A rather curious news item crossed my desk last week. Apparently, a group known as INGEDE is not at all happy with the contention of another group, DPDA, that it has been successful in deinking inkjet-printed paper. (Full disclosure: I hate acronyms. And if you do, too, you will be thrilled to know that INGEDE is the International Association of the Deinking Industry, based in Germany, and DPDA is the Digital Print Deinking Alliance, based in the UK.)
The kerfuffle seems to be over which association’s standard should be used to benchmark deinkability. At least I think that is what it is about.
But it got me thinking…how does one get ink out of a sheet of recovered paper anyway?
Before it becomes part of a new sheet of paper, recovered paper needs to undergo a number of processes to make it suitable for reuse.
First, the paper must be sorted so that no obvious contaminants remain in the recovered paper stream. By contaminants, I am referring to stuff like plastics (can you say, “UV coating”), metal, and that big chunk of cheese, pepperoni and tomato sauce stuck on the lid of last week’s pizza box. The best way to exclude contaminants is to keep them out of the recovered paper stream in the first place. Barring that, contaminated material can be removed from the recycling stream manually at a recycling facility. And some contaminants, such as saddle stitching and the like, can be removed by screens and centrifuges during the re-pulping process.
Still, some schmutz will remain in the recycled pulp slurry – mostly ink and glue residues (which, appropriately, are referred to as “stickies”). Stickies cause problems for paper makers because they do what their name suggests – they stick to various parts of paper machines, causing imperfections in the web of paper being formed.
Makers of recycled paper get rid of this stuff through a combination of two de-inking processes. A water washing process is used to get rid of small particles of ink.
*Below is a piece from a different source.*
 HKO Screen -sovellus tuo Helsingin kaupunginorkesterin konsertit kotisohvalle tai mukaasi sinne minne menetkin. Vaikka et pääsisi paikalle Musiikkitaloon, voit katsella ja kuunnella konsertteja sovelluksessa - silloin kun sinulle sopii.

Stickies and larger ink particles are removed through a process called flotation deinking.
During flotation deinking, pulp is fed into a large vat called a flotation cell. Air and surfactants are injected into the slurry, causing ink and stickies to break free of the paper fibers and adhere to the air bubbles as they float to the top of the vat. This creates a froth (kind of like what forms when you bring homemade chicken soup to a boil, but even less tasty) which can be skimmed off. What’s left is a vat of clean, recycled pulp that is ready to become paper, or at least part of a sheet of paper.
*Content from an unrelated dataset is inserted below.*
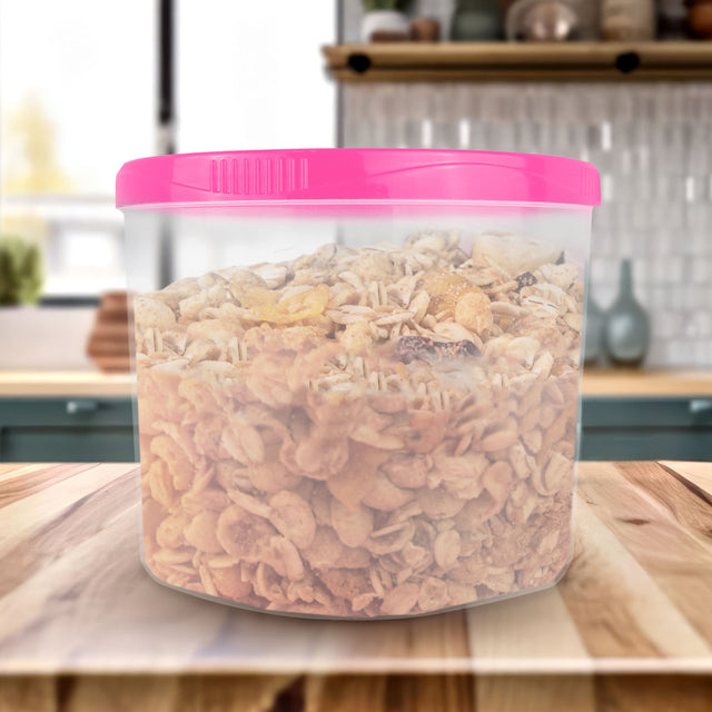 Contenedor Transparente Redondo, Tapa Color Rosa, 1.2 L

What makes floatation deinking work is hydrophobicity (and not "hydrophobia," as I had errantly stated earler -- that is rabies). Most adhesives and conventional printing inks repel water. But such is not the case with the inkjet inks used in digital printing, which are water soluble. That means they cannot be removed from the paper fiber through conventional flotation deinking, and will leave the paper into which they are made somewhat colored. (I achieved a similarly unpleasant result as a child, when I left my pet turtle in my shirt pocket, and mom washed it. But that is best left to another counseling session, I suppose.)
There are at least two ways to address the turtle in the washer problem. One (DPDA’s approach) is to add some type of extra bleaching step to neutralize the colorant. DPDA used hydrosulfite bleach, and claimed success in deinking nearly all of the test colorants. INGEDE says the jury is still out on DPDA’s approach, and contends that deinking should be done through flotation, without the extra step.
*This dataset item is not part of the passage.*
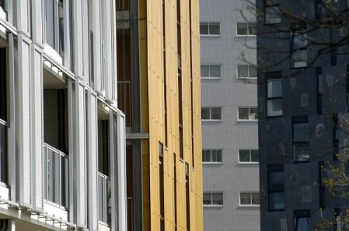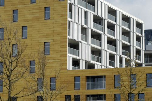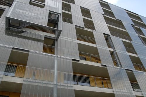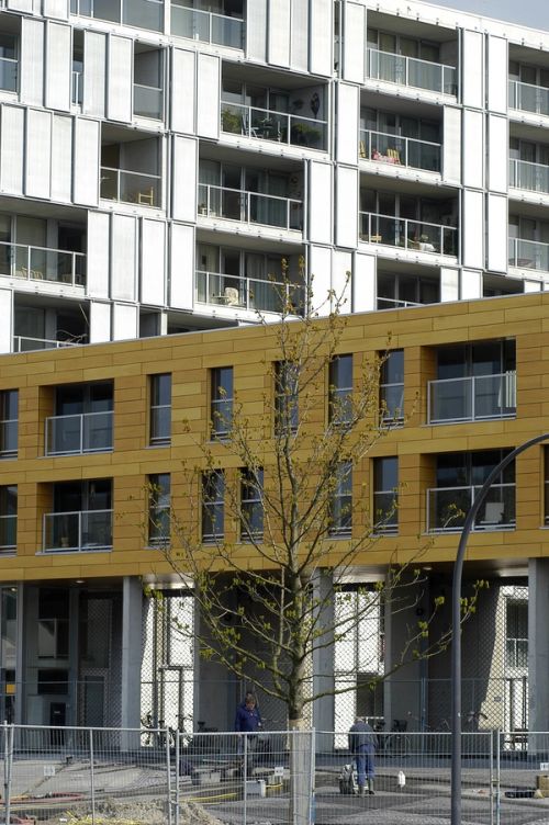 The Carré was designed as a relatively compact block made up of a series of densely stacked blocks. The building floor plate sits on a pedestal containing a parking garage for the inhabitants of the building. Circulation of the building is arranged by three staircases/elevator tracts which can be reached through the courtyard. The footprint of the building is 110 by 80 meters; the Carré reaches up to 10 stories high.

While the deinking associations are duking it out, manufacturers of inkjet products are exploring a variety of ways to address the colorant problem. HP is using a bonding agent that keeps the colorant out of the paper fibers. A Japanese company is trying encapsulation. And Xerox has developed a resin-based ink formulation. All of this to induce hydrophobia properties into in products that otherwise would take to water like a fish.
How this all will shake out is anybody’s guess. But it will shake out. Because neither digital inkjet printing nor paper recycling are going away any time soon.